For the original version including any supplementary images or video, visit http://www.dailymail.co.uk/news/article-2451974/Heard-latest-art-installation-Artist-exhibits-latest-paintings–gallery-owners-ear.html

Acupuncture chart

You may already be an expert on the textbook definition of acupuncture, but here are five facts that you may not have known: Acupuncture reduces stress and improves sleep; who doesn’t need more Z’s? Stress is a common factor for sleep disturbance. In a world of extensive work hours and daily commitments, we often find ourselves overwhelmed with stress. Acupuncture helps to reduce such habitual stresses, aiding in the quality and quantity of our sleep. Have a nagging addiction?
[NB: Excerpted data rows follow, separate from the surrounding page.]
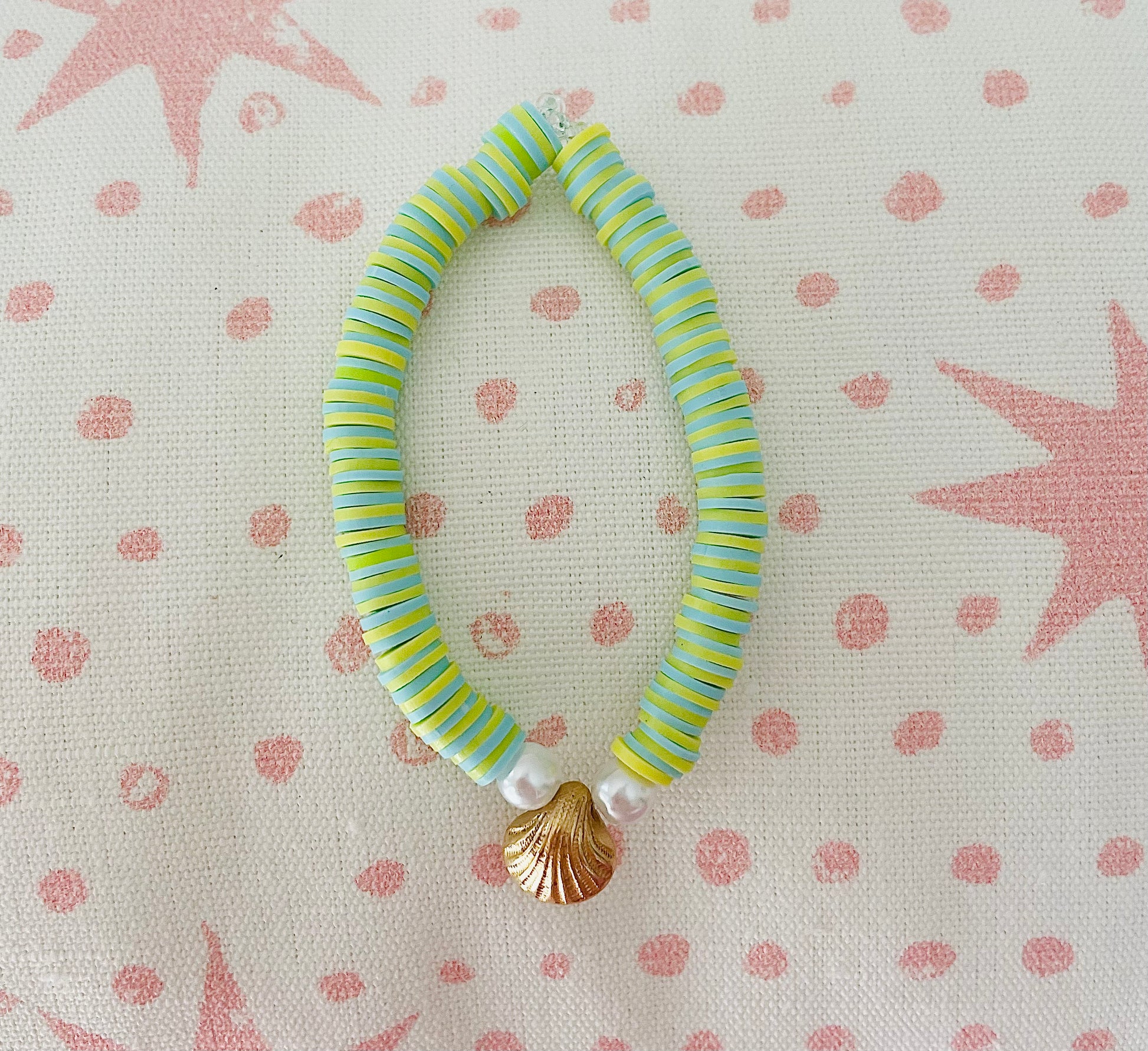 Beach Babe is a very unique bracelet in many ways, to start its base is baby blue mixed with pastel yellow. In the middle are 2 pearls with a gorgeous gold shell. This bracelet will constantly remind you of a perfect summer!
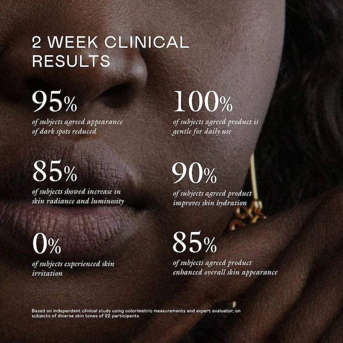 Qué es: Un suero sin fragancia, formulado exclusivamente para pieles de color, que reduce rápidamente las manchas oscuras visibles, la hiperpigmentación y las marcas posteriores al acné al tiempo que otorga un brillo de aspecto saludable.
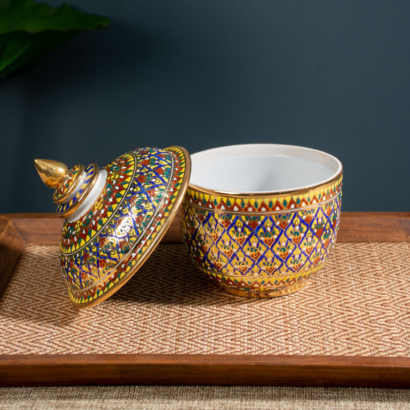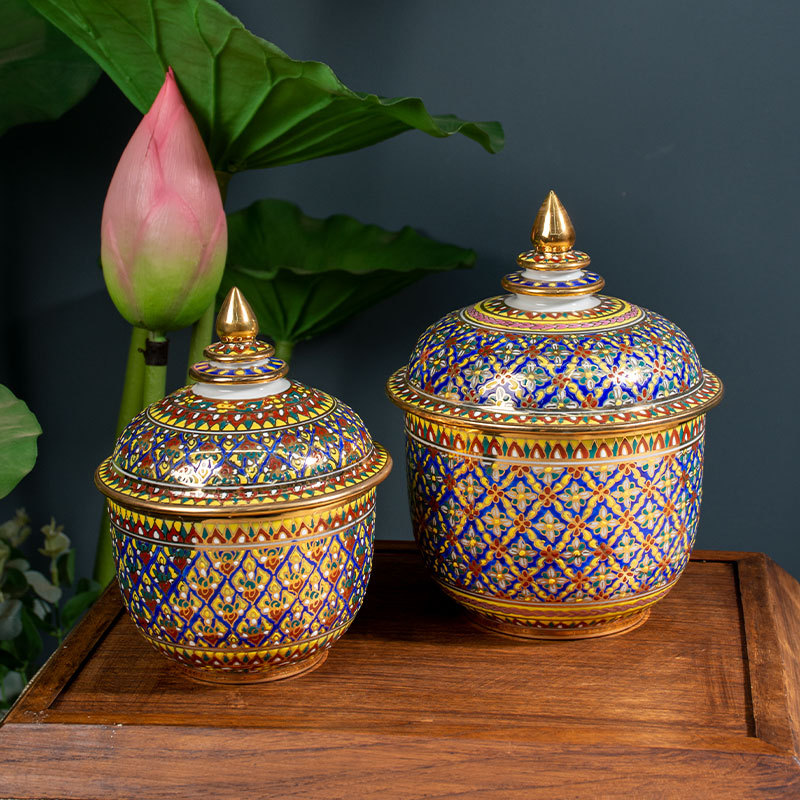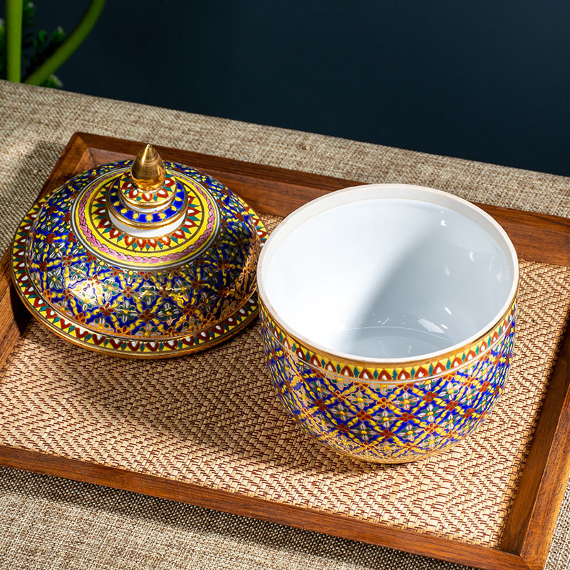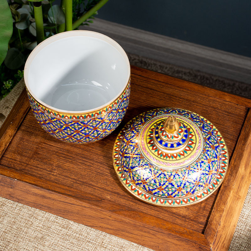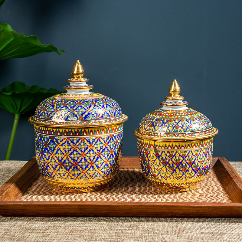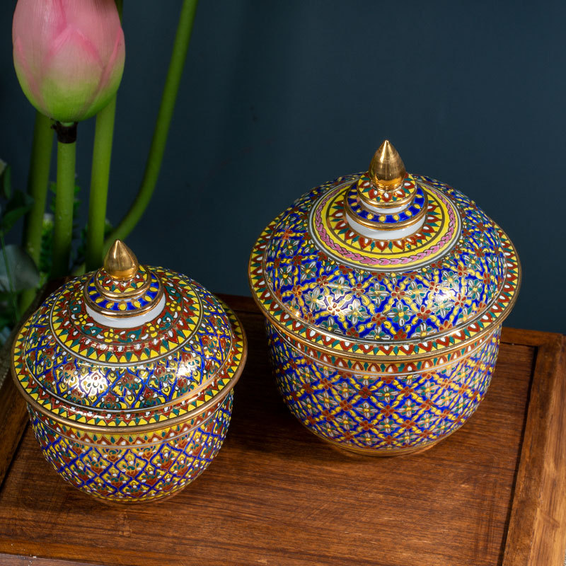 Импортированная из Таиланда керамическая банка для хранения цвета эмали с ручной росписью с крышкой Чайная банка Настольные декоративные украшения для хранения
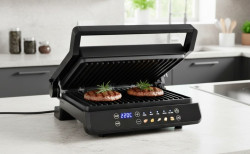 ? Pre domácnosti, ktoré hľadajú digitálny kontaktný gril s výkonom 2000 W a displejom? Pre používateľov, ktorí potrebujú elektrický gril 2v1 s otváraním pod uhlom 180°? Pre domácich milovníkov grilovania, ktorí pripravujú panini, sendviče, tortilly, steaky, hamburgery a zeleninu? Pre zákazníkov, ktorí chcú gril s odnímateľnými doskami na jednoduchú údržbu
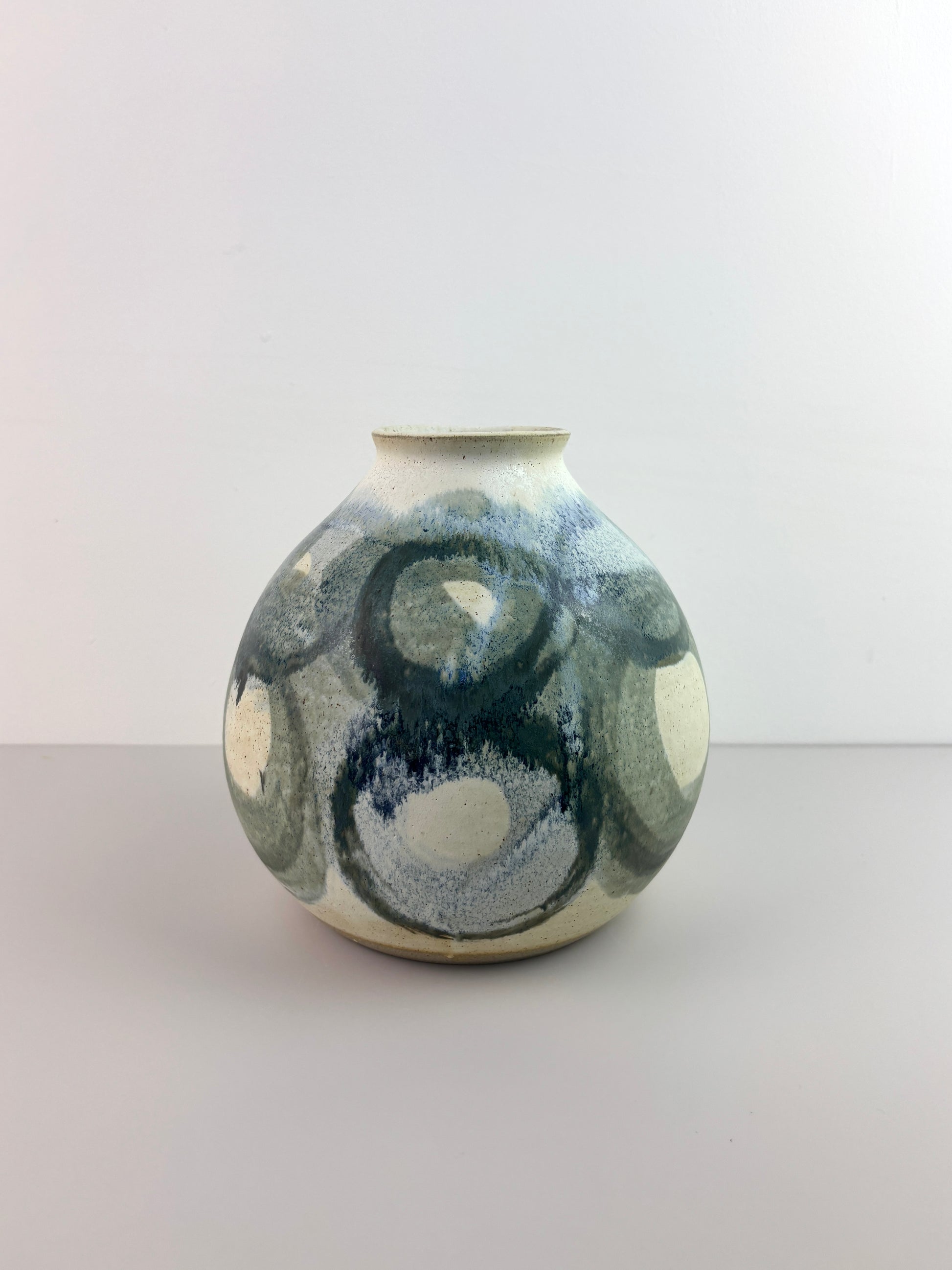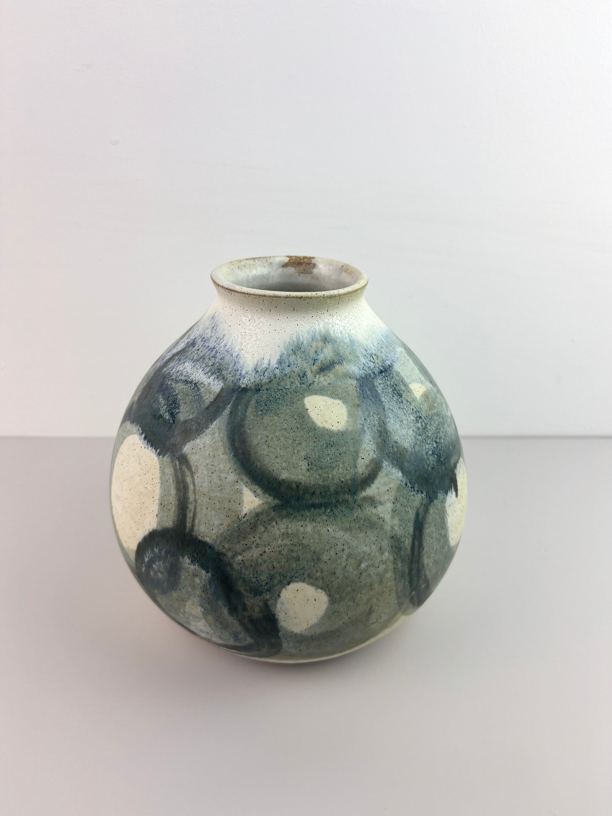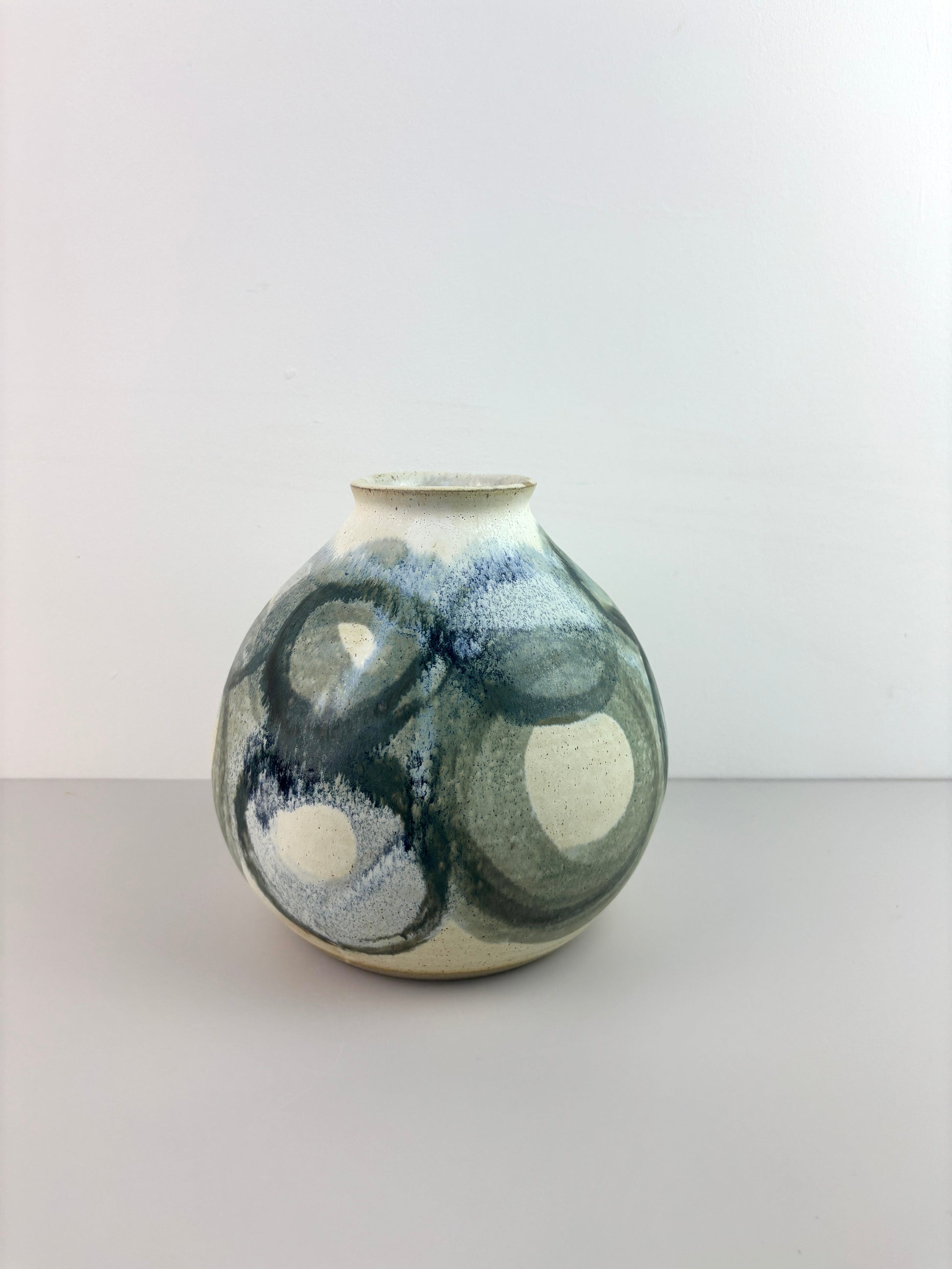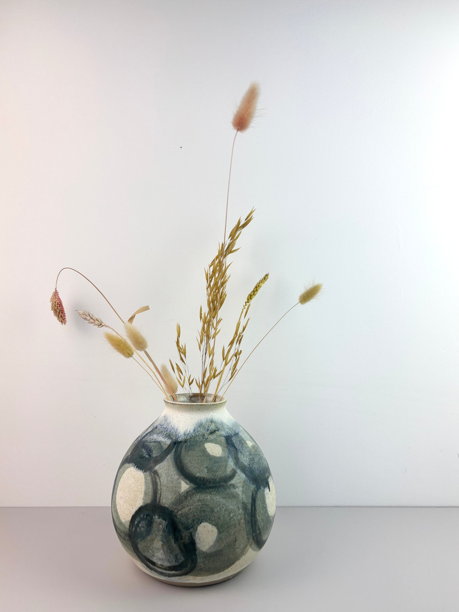 A large vase with overlapping circles in blue and green colours. Perfect to use for flowers.

Acupuncture can help. Whether it’s that piece of cake calling our name from the refrigerator or the smell of barbeque ribs wafting from the neighbor’s backyard, we all have cravings from time to time. However, addiction is much more serious and difficult to manage than a simple north york chiropractors craving brought on by sight or smell. Whether your personal addiction is to food, drugs, tobacco or alcohol, acupuncture can be used on specific points of the ear to help curb those incessant cravings. A treatment for often debilitating emotional disorders. A startling 1 in 10 people are on antidepressants for emotional disorders like depression or anxiety.